As well as private drinks with Blair, Tate patrons who book tables at the May dinner are being offered a group portrait by Annie Leibovitz, the Vanity Fair magazine photographer. According to Mr Hamilton, the picture will be used to illustrate a Vanity Fair story about the American patrons of Tate, another perk arranged by Lady de Rothschild through her friend Graydon Carter, editor of the magazine.
Phenomenal success
Tate received its first major private funding for the acquisition of US art in 1987 when the late Sir Edward Manton set up an endowment, today worth $30m.
The American Patrons of Tate was set up in New York in 1999. To date it has raised some $45.6m for the London gallery. According to Mr Hamilton, around $10m of this has been used to purchase contemporary art by US artists.
The group raised $18m of the $33m provided by US donors towards the opening of Tate Modern in 2000—25% of the total private funding raised for the conversion of the former power station on the River Thames.
“Since 1999, we have raised an average of $5.7m per year in cash gifts. Sums were highest in 1999 and 2000 as a result of gifts towards the opening of Tate Modern,” says Mr Hamilton. “We also receive on average gifts of art worth $2.6m a year. Last year, we brought in $10.4m,” says Mr Hamilton.
“When we started we thought people would support us because they wanted American and South American art to be displayed at Tate Modern where over five million people a year would see it,” says Mr Hamilton. “At least 50% of our patrons have links to London. They either have houses there or went to school there, or run businesses there. They buy art there.”
Trouncing the competition
Some US museum directors say that they are struggling to match the successful fundraising efforts of the American Patrons of Tate.
Guggenheim Museum director Lisa Dennison raised the issue of competition between museums chasing limited funding at a recent panel organised by ADAA, “The museum as collector”, held at the Museum of Modern Art in New York on 24 February.

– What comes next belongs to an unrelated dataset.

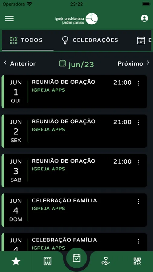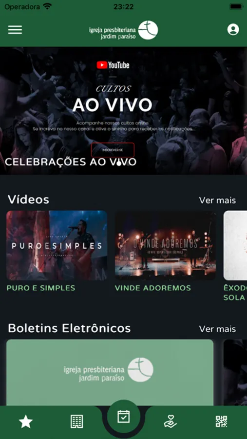 * Conteúdos (Áudio/Vídeo): Permite visualizar e ouvir os conteúdos da Igreja disponíveis no App;

Speaking at the panel she said: “There’s a new phenomenon...which is the American Friends of…Tate, the Centre Pompidou, the Hermitage Museum. Now if you join the American Friends of the Tate you get to go to dinner at Tony Blair’s house. You get to have your picture taken by Annie Leibovitz. And you get to keep it. These are compelling, compelling incentives that speak not of true philanthropy, but of ‘give us some money, give us some art’, and we are going to give you something back that’s really, really enticing. I know this because my board members come to me in deep conflict, ‘I want to be part of this group, I want to be a friend to Tate, to the Pompidou, to the Hermitage, to the Pushkin...’. What’s a poor American museum director to do?”
Tate director, Sir Nicholas Serota, responded: “Lisa, I’m flattered you feel so threatened by an institution that has a fraction of your resources.”
Speaking to The Art Newspaper, Ms Dennison said: “What could we tell our supporters in comparison? You’re going to go to the White House and have lunch with Laura Bush?”